Harmonization of Multi-Mission High-Resolution Time Series: Application to BELAIR

1
Remote Sensing Unit, Flemish Institute for Technological Research (VITO), Boeretang 200, 2400 Mol, Belgium
2
Hydrology and Hydraulic Engineering Department, Vrije Universiteit Brussel, Pleinlaan 2, 1050 Brussel, Belgium
*
Author to whom correspondence should be addressed.

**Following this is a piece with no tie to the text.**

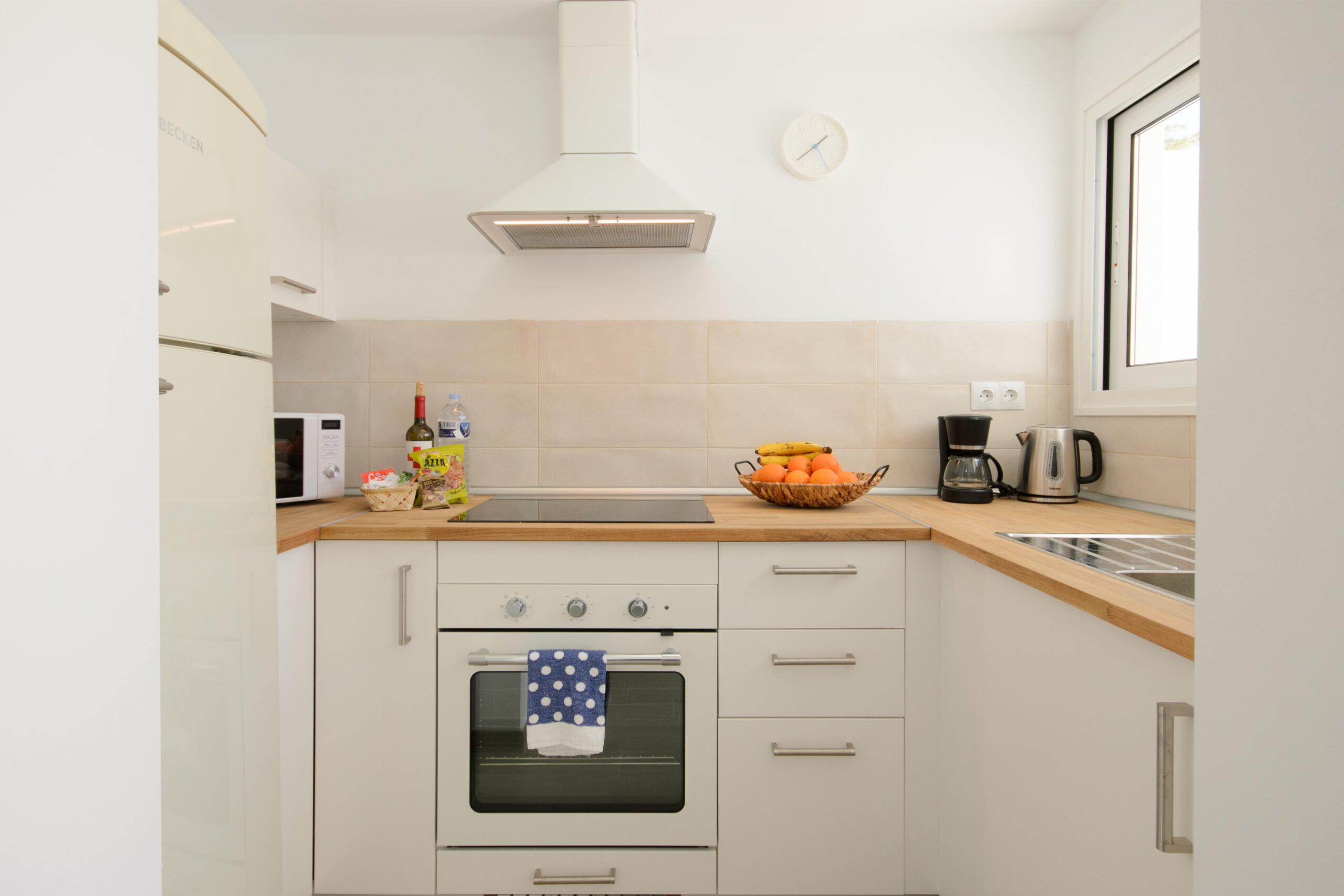 La cocina está totalmente equipada con vitrocerámica, horno, microondas, cafetera, tetera y exprimidor eléctrico, nevera y un completo menaje. White Volcano ofrece además un baño con ducha y 2 preciosos dormitorios: el dormitorio principal cuenta con cama de matrimonio grande y el segundo dormitorio con camas individuales.

Academic Editors: Kim Calders, Bas van Wesemael, Trissevgeni Stavrakou, Jean-Christophe Schyns, Joost Vandenabeele, Hans Lievens and Dimitry van der Zande
Remote Sens. 2022, 14(5), 1163; https://doi.org/10.3390/rs14051163
Received: 14 January 2022 / Revised: 18 February 2022 / Accepted: 23 February 2022 / Published: 26 February 2022
(This article belongs to the Special Issue Innovative Belgian Earth Observation Research for the Environment)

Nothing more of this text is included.